* _EXERCISE DESCRIPTION_
Skip the pictures and repeat each line of the data exactly.
RECORDED DATA Block Start
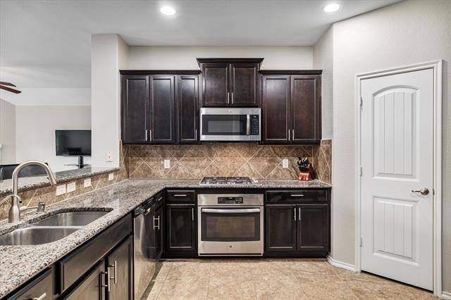 Situated in Valor Pointe-The Reserve at Westridge, this well appointed, move-in ready EAST FACING home in the heart of McKinney has versatile living spaces to suit YOUR needs! The front room can be used as a guestroom or office. The open space off of the expansive foyer can be used as formal dining, music room, library, lounge....the choice is yours! Enjoy friends & family gatherings in the open concept living, kitchen and breakfast room. Spacious kitchen with granite counters, breakfast bar, large walk in pantry, stainless steel dishwasher, microwave, gas cooktop and oven overlooks the breakfast room and living room with ceiling fan and gas fire place. A wall of windows bathes the home in natural light. Easy maintenance tile in the common areas and cozy carpet in the bedrooms. The large primary room has plenty of space for a sitting area and ensuite bathroom features double sinks, a large walk in shower and relaxing spa like tub. Split floorplan means privacy for all with two guestrooms and full bath across the home. Retreat to the backyard to enjoy evenings on the covered patio and plan your kitchen garden! Easy access to major roads, highways 380 & 75 and the Dallas North Tollway makes for quick commutes to Dallas, airports and local shopping, dining and entertainment. Zoned for the highly regarded Prosper ISD.
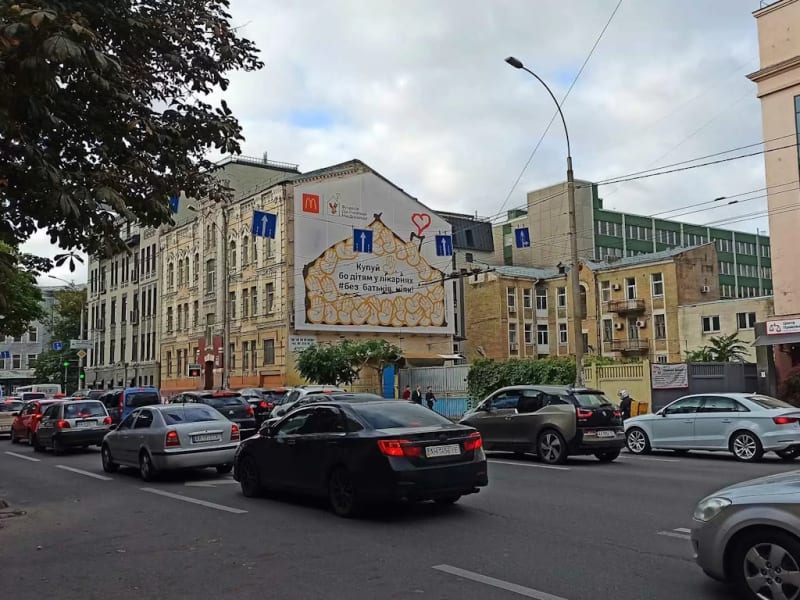Брандмауер 11×13 м для розміщення зовнішньої реклами в Києві. Формат 11×13 м (сторона A). Забезпечує широке охоплення цільової аудиторії в Києві. Код: Ki60918.
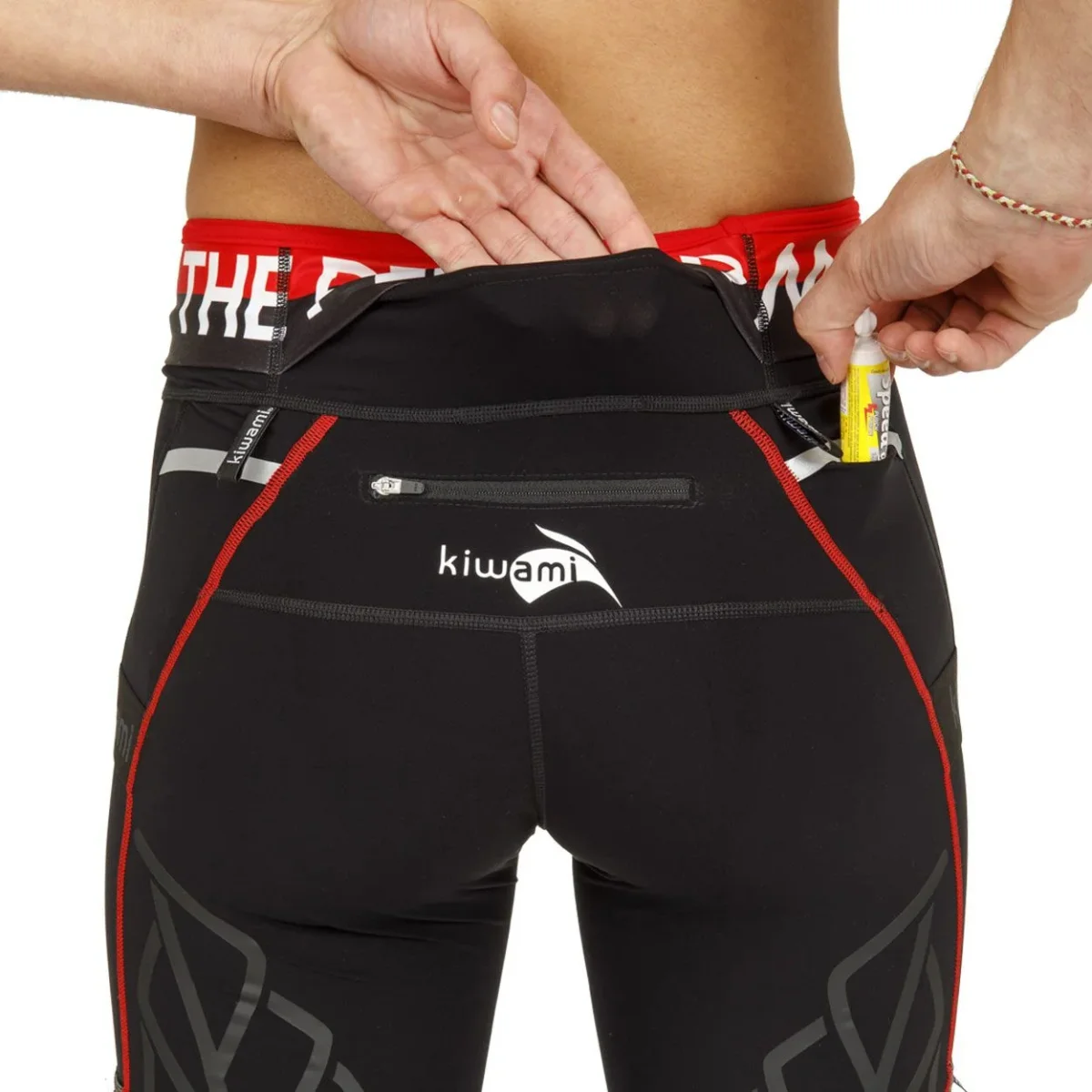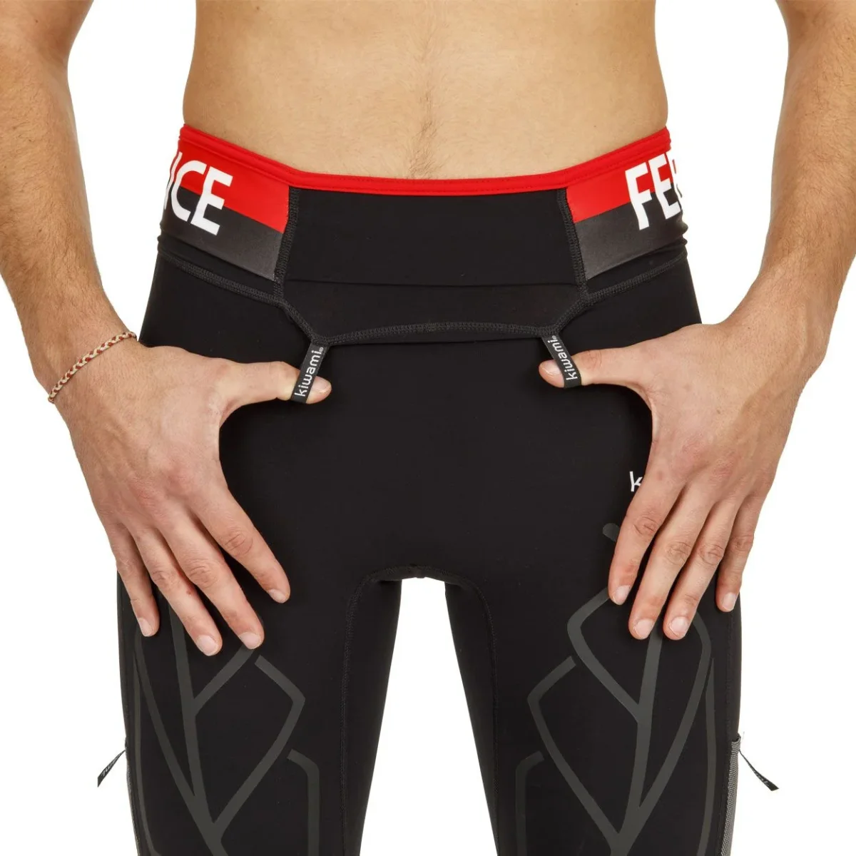 - Bandelettes d’attache sous la ceinture pour accrocher son dossard, un gobelet ou accessoires ;
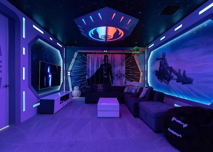 Die Charming 8 Bdrm Villa With Games Room At Encore Orlando bietet einen privaten Swimmingpool zur Entspannung der Gäste und liegt im Viertel Celebration.
RECORDED DATA Block End
* _SOLUTION TO THE EXERCISE_
 Situated in Valor Pointe-The Reserve at Westridge, this well appointed, move-in ready EAST FACING home in the heart of McKinney has versatile living spaces to suit YOUR needs! The front room can be used as a guestroom or office. The open space off of the expansive foyer can be used as formal dining, music room, library, lounge....the choice is yours! Enjoy friends & family gatherings in the open concept living, kitchen and breakfast room. Spacious kitchen with granite counters, breakfast bar, large walk in pantry, stainless steel dishwasher, microwave, gas cooktop and oven overlooks the breakfast room and living room with ceiling fan and gas fire place. A wall of windows bathes the home in natural light. Easy maintenance tile in the common areas and cozy carpet in the bedrooms. The large primary room has plenty of space for a sitting area and ensuite bathroom features double sinks, a large walk in shower and relaxing spa like tub. Split floorplan means privacy for all with two guestrooms and full bath across the home. Retreat to the backyard to enjoy evenings on the covered patio and plan your kitchen garden! Easy access to major roads, highways 380 & 75 and the Dallas North Tollway makes for quick commutes to Dallas, airports and local shopping, dining and entertainment. Zoned for the highly regarded Prosper ISD.
Брандмауер 11×13 м для розміщення зовнішньої реклами в Києві. Формат 11×13 м (сторона A). Забезпечує широке охоплення цільової аудиторії в Києві. Код: Ki60918.
 - Bandelettes d’attache sous la ceinture pour accrocher son dossard, un gobelet ou accessoires ;
 Die Charming 8 Bdrm Villa With Games Room At Encore Orlando bietet einen privaten Swimmingpool zur Entspannung der Gäste und liegt im Viertel Celebration.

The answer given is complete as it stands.